Play it safe with cryptos, use blockchain
As Parliament prepares for the debate on the cryptocurrency law, there is some ambiguity about how exactly the government intends to deal with private cryptocurrencies. That may be because it is unclear exactly how to deal with it, an issue likely to be common to central bankers around the world. They are all in a bit of a dilemma about how to regulate cryptos, whether to lock them down completely or allow them to thrive as assets. The bill says it is important to ban all private cryptocurrencies. This suggests that these have no chance of being approved as legal tender. How exactly these are to be banned is not immediately clear, however, as many of them operate outside the scope of the law.
At the same time, the bill proposes exemptions so that the underlying technology is made available, as it can be extremely useful in the payments space. That’s easier said than done. We want to take advantage of the breakthrough technology, but we just cannot afford to risk asset inflation and a bubble forming. The government and the RBI have to put their heads together here. It is unlikely that too many cryptos will survive anyway as the number of use cases is limited. Nonetheless, RBI Governor Shaktikanta Das is justified in worrying that cryptos could lead to financial instability if investments in them, made by over-indebted individuals and companies, go bust. The RBI fears that the government’s imprimatur for cryptos could encourage more investments and that it could end badly if they lose value. These concerns are justified, but like other countries, India is using blockchain technology too much to make internet micropayments and contracts cheaper and easier.
As former RBI governor Raghuram Rajan noted, there is little danger of the Indian currency becoming dollarized; Given the high volatility surrounding cryptos, the rupee would be a preferred option and therefore the central bank should have no trouble ensuring that the local currency is not being replaced by cryptos. This would rule out any risks to the shaping of monetary policy. The problem, as Rajan pointed out, is that regulators around the world are struggling to understand cryptos and are therefore unsure of how to regulate them.

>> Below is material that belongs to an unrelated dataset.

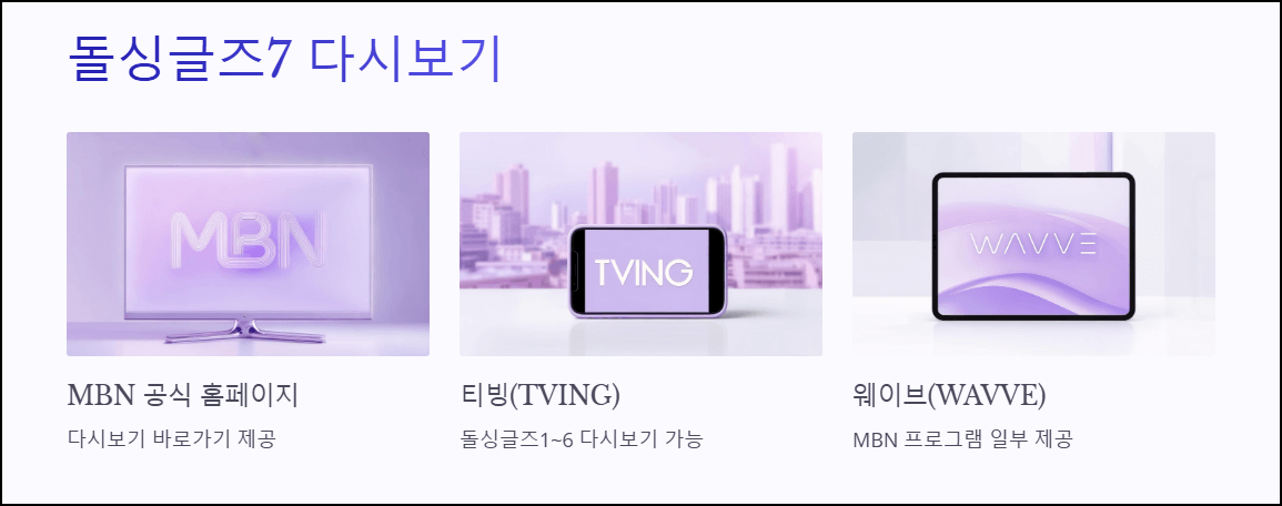 MBN 및 다양한 OTT 플랫폼을 통해 '돌싱글즈7'을 다시 볼 수 있습니다.

Even if some players are able to beat the law, it can do significant damage.
In light of this, the Indian government would do well not to endorse cryptocurrencies and keep a close eye on them. There could be a mechanism to keep track of the transactions in the absence of an underlying deal. The government could also insist on screening these players and insisting that they provide information so that the government can prevent fraud. While you could check the investments and their value with stablecoins, as they are backed by hard currencies, it is much more difficult to handle with standard cryptos, which have no intrinsic value and whose prices fluctuate. Should something go wrong – which is not impossible – the supervisory authorities are responsible for it.
It is a difficult situation for regulators as it is unlikely that investments in cryptos will be halted even if the government prohibits them. The government and central bank must therefore try to find a way to ensure that investments are not made from loans from local lenders – banks, NBFCs, etc. To this end, banks need to be vigilant in disbursing unsecured personal loans to individuals and small businesses. Systemic risks of all kinds must be averted. In the meantime, India could learn from other countries’ policies.